Small LSTM slower than large LSTM on GPU

I was experimenting the GPU inference time using different sizes of LSTM. It turns out that when the LSTM hidden size is 200 and 400, the inference time is extremely slow (even much slower than hidden size =700). Below are the code and the relationship between hidden_size and average_sequence_inference_time (in seconds).

Other info:
GPU: 1 RTX2070
torch version: 1.6.0

Eval setting: only 1 example per batch.

import torch
import numpy as np
import time

import torch.nn as nn

class LSTMDummy(nn.Module):
    def __init__(self, embedding_size, input_size, hidden_size,
                 n_layers, dropout_p):
        super(LSTMDummy, self).__init__()

        self.embedding = nn.Embedding(embedding_size, input_size)
        self.lstm = nn.LSTM(input_size, hidden_size,
                            num_layers=n_layers,
                            dropout=dropout_p,
                            bidirectional=True,
                            batch_first=True)
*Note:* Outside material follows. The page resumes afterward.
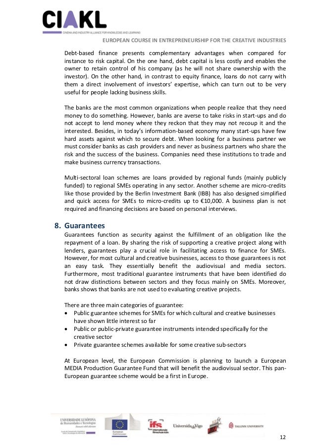 12. 12.                                                                      EUROPEAN COURSE IN ENTREPRENEURSHIP FOR THE CREATIVE INDUSTRIES  12    Debt‐based  finance  presents  complementary  advantages  when  compared  for  instance to risk capital. On the one hand, debt capital is less costly and enables the  owner  to  retain  control  of  his  company  (as  he  will  not  share  ownership  with  the  investor). On the other hand, in contrast to equity finance, loans do not carry with  them  a  direct  involvement  of  investors’  expertise,  which  can  turn  out  to  be  very  useful for people lacking business skills.    The banks are the most common organizations when people realize that they need  money to do something. However, banks are averse to take risks in start‐ups and do  not accept to lend money where they reckon that they may not recoup it and the  interested. Besides, in today’s information‐based economy many start‐ups have few  hard assets against which to secure debt. When looking for a business partner we  must consider banks as cash providers and never as business partners who share the  risk and the success of the business. Companies need these institutions to trade and  make business currency transactions.    Multi‐sectoral  loan  schemes  are  loans  provided  by  regional  funds  (mainly  publicly  funded) to regional SMEs operating in any sector. Another scheme are micro‐credits  like those provided by the Berlin Investment Bank (IBB) has also designed simplified  and  quick  access  for  SMEs  to  micro‐credits  up  to  €10,000.  A  business  plan  is  not  required and financing decisions are based on personal interviews.     8. Guarantees  Guarantees  function  as  security  against  the  fulfillment  of  an  obligation  like  the  repayment of a loan. By sharing the risk of supporting a creative project along with  lenders,  guarantees  play  a  crucial  role  in  facilitating  access  to  finance  for  SMEs.  However, for most cultural and creative businesses, access to those guarantees is not  an  easy  task.  They  essentially  benefit  the  audiovisual  and  media  sectors.  Furthermore, most traditional guarantee instruments that have been identified do  not draw distinctions between sectors and they focus mainly on SMEs. Moreover,  banks shows that banks are not used to evaluating creative projects.    There are three main categories of guarantee:    Public guarantee schemes for SMEs for which cultural and creative businesses  have shown little interest so far   Public or public‐private guarantee instruments intended specifically for the  creative sector   Private guarantee schemes available for some creative sub‐sectors    At  European  level,  the  European  Commission  is  planning  to  launch  a  European  MEDIA Production Guarantee Fund that will benefit the audiovisual sector. This pan‐ European guarantee scheme would be a first in Europe.

    def forward(self, tensor):
        torch.cuda.synchronize()
        start_time = time.time()

        lstm_input = self.embedding(tensor)
        output = self.lstm(lstm_input)

        torch.cuda.synchronize()
        end_time = time.time()

        return end_time - start_time

class CheckGPUTensorMul:

    device = torch.device("cuda:0")
    n_exp = 10000

    sizes = [16, 25, 32, 50, 64, 100, 128, 200, 256, 300, 400, 500, 512, 600, 700, 750, 768, 800, 900, 1000, 1024, 2048]
    sizes2 = [200, 750]

    @classmethod
    def calculate_time_lstm(cls):

        n_vocab = 10000
        seq_len = 20

        input_tensors = [torch.tensor([[np.random.randint(0, n_vocab)] * seq_len], dtype=torch.int64).to(cls.device)
            for i in range(cls.n_exp)]  # n_exp = 10,000

        for size in cls.sizes:   # 16, 32, 50, 64 ...
            time_list = []

            lstm_model = LSTMDummy(
                embedding_size=n_vocab,
                input_size=100,
                hidden_size=size,
                n_layers=1,
                dropout_p=0.0
            )
            lstm_model.to(cls.device)
            lstm_model.eval()

            # Warm up
            for input_tensor in input_tensors[:100]:
                time_ = lstm_model(input_tensor)

            for input_tensor in input_tensors:
                time_ = lstm_model(input_tensor)

                time_list.append(time_)

            print("=" * 40)
            print("size:", size)
            print("avg time:", sum(time_list)/len(time_list))

@LittleResearcher It looks like some random processing bottleneck that the GPU might have experienced.

I tried on my GTX 1060Ti and the time taken is linear

hidden_size average time
16 0.0005613381147
25 0.0005528689623
32 0.0005538116217
50 0.0005623131752
64 0.0006439544201
100 0.0005706382751
128 0.0005544938326
200 0.0005606959343
256 0.0006359843731
300 0.0007430159807
400 0.0009713747263
500 0.001388325262
512 0.001418832326
600 0.001854181433
700 0.002511228943
750 0.00277370615
768 0.002898940682
800 0.003245669317
900 0.004082291055
1000 0.004929169559

Thanks! I just did this with a Tesla P4 and the increase seems to be linear. So I think this is a GPU-specific observation.